— Given material —
..............................

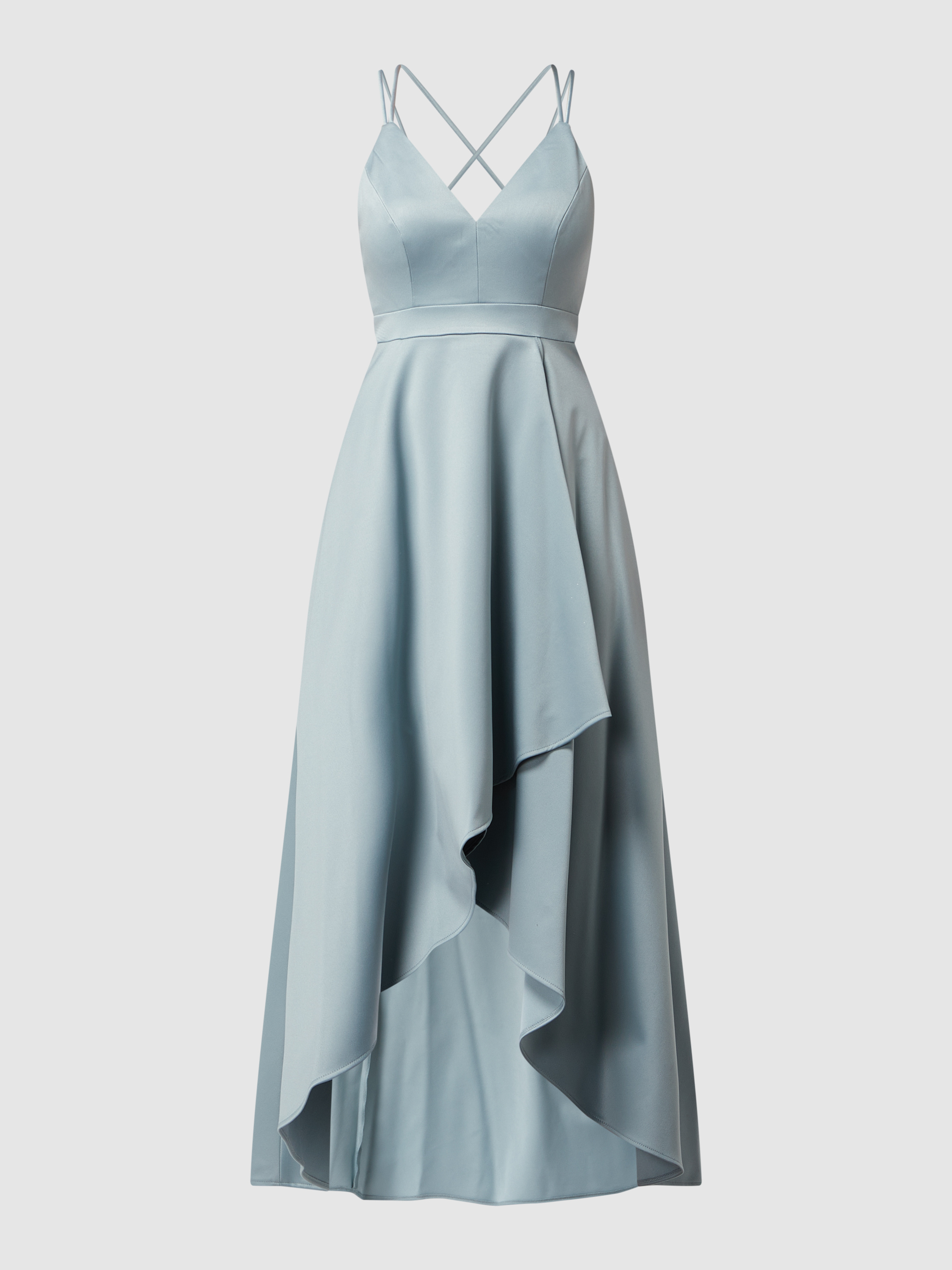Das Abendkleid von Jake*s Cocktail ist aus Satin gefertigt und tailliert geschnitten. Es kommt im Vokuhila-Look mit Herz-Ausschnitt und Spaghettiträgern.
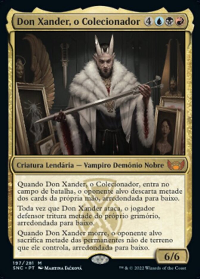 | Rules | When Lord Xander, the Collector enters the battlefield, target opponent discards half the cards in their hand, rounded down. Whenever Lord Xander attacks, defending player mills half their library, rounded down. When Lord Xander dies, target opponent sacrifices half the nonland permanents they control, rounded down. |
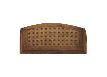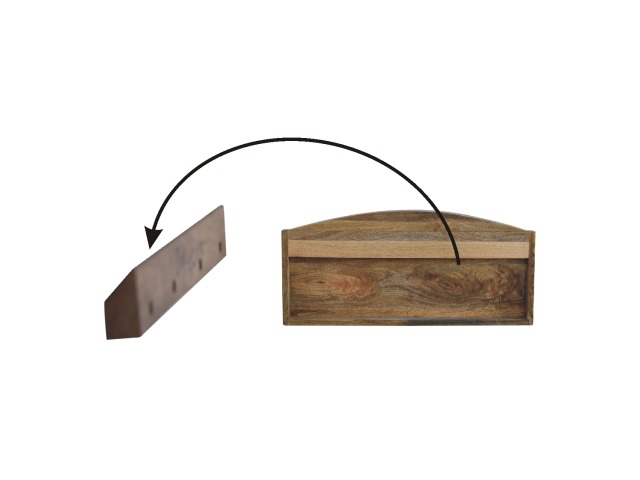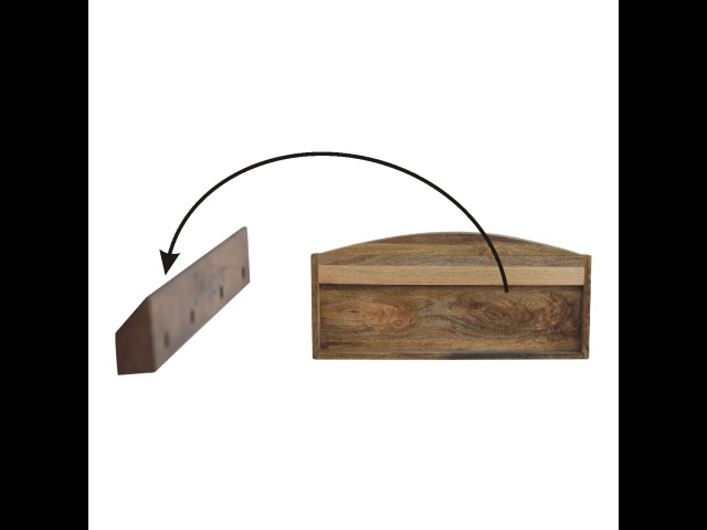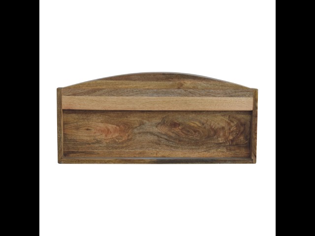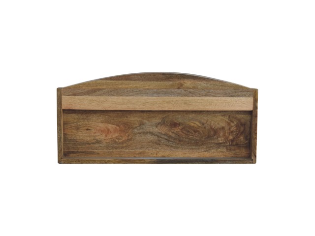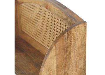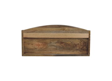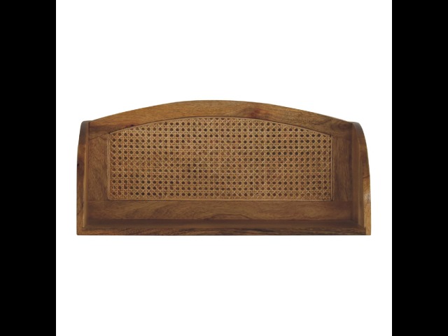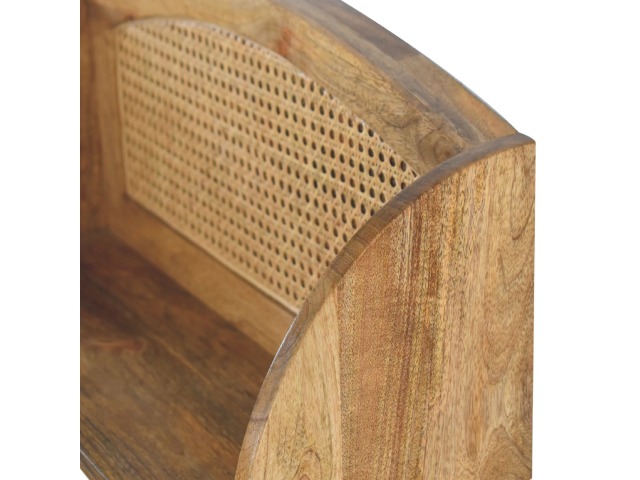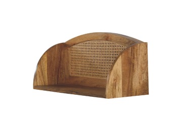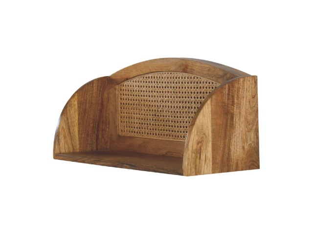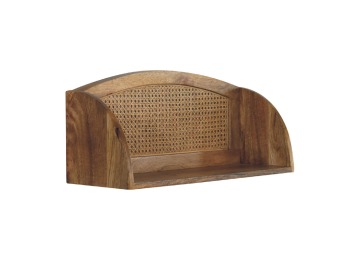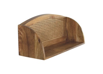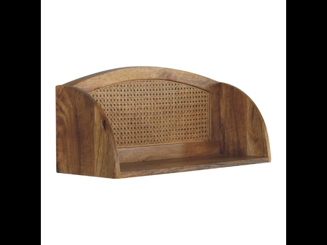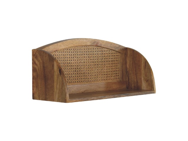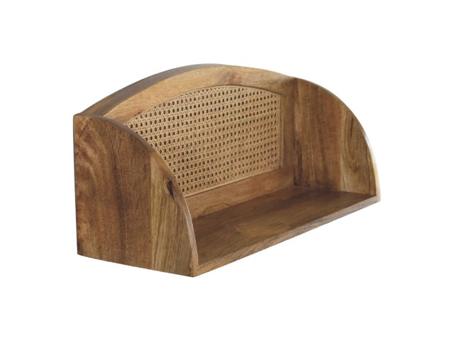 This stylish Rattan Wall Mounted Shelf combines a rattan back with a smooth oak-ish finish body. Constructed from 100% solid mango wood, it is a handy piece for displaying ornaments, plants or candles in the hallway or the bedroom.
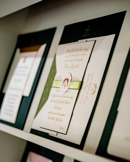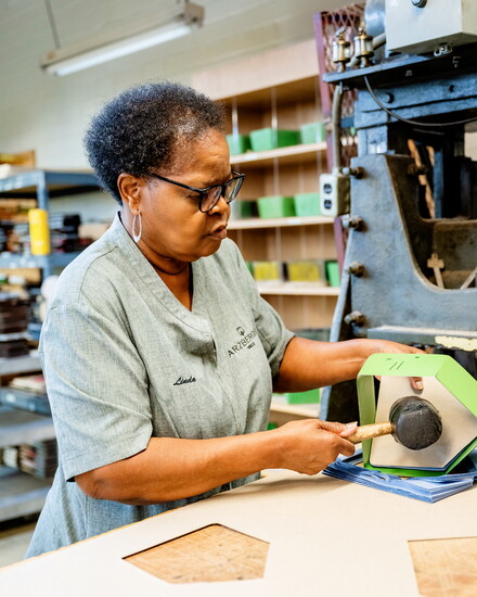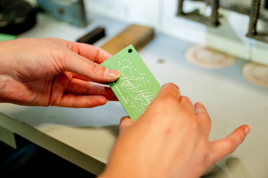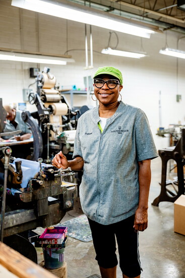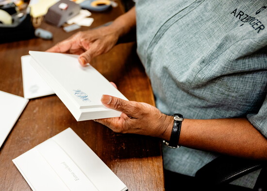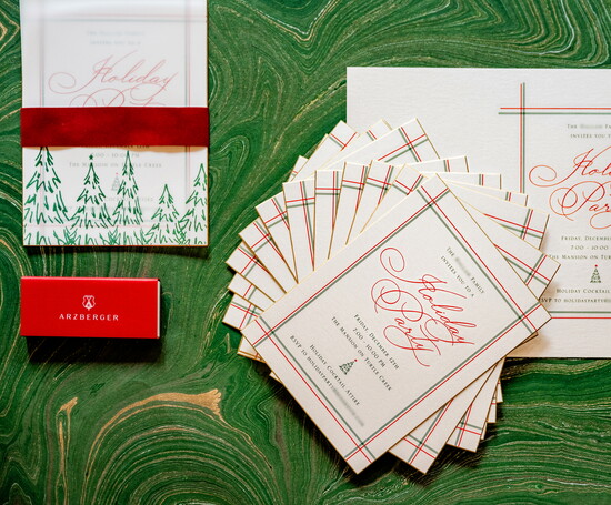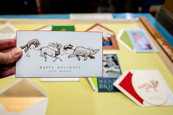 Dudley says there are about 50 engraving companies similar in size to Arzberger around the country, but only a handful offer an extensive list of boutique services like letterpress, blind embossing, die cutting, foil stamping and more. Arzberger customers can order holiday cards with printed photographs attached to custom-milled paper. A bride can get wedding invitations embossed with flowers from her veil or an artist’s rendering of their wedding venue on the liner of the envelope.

..............................

— Aim of the exercise —
The response consists of the data above printed line for line, with no pictures.

— Problem solution —
Das Abendkleid von Jake*s Cocktail ist aus Satin gefertigt und tailliert geschnitten. Es kommt im Vokuhila-Look mit Herz-Ausschnitt und Spaghettiträgern.
 | Rules | When Lord Xander, the Collector enters the battlefield, target opponent discards half the cards in their hand, rounded down. Whenever Lord Xander attacks, defending player mills half their library, rounded down. When Lord Xander dies, target opponent sacrifices half the nonland permanents they control, rounded down. |
 This stylish Rattan Wall Mounted Shelf combines a rattan back with a smooth oak-ish finish body. Constructed from 100% solid mango wood, it is a handy piece for displaying ornaments, plants or candles in the hallway or the bedroom.
 Dudley says there are about 50 engraving companies similar in size to Arzberger around the country, but only a handful offer an extensive list of boutique services like letterpress, blind embossing, die cutting, foil stamping and more. Arzberger customers can order holiday cards with printed photographs attached to custom-milled paper. A bride can get wedding invitations embossed with flowers from her veil or an artist’s rendering of their wedding venue on the liner of the envelope.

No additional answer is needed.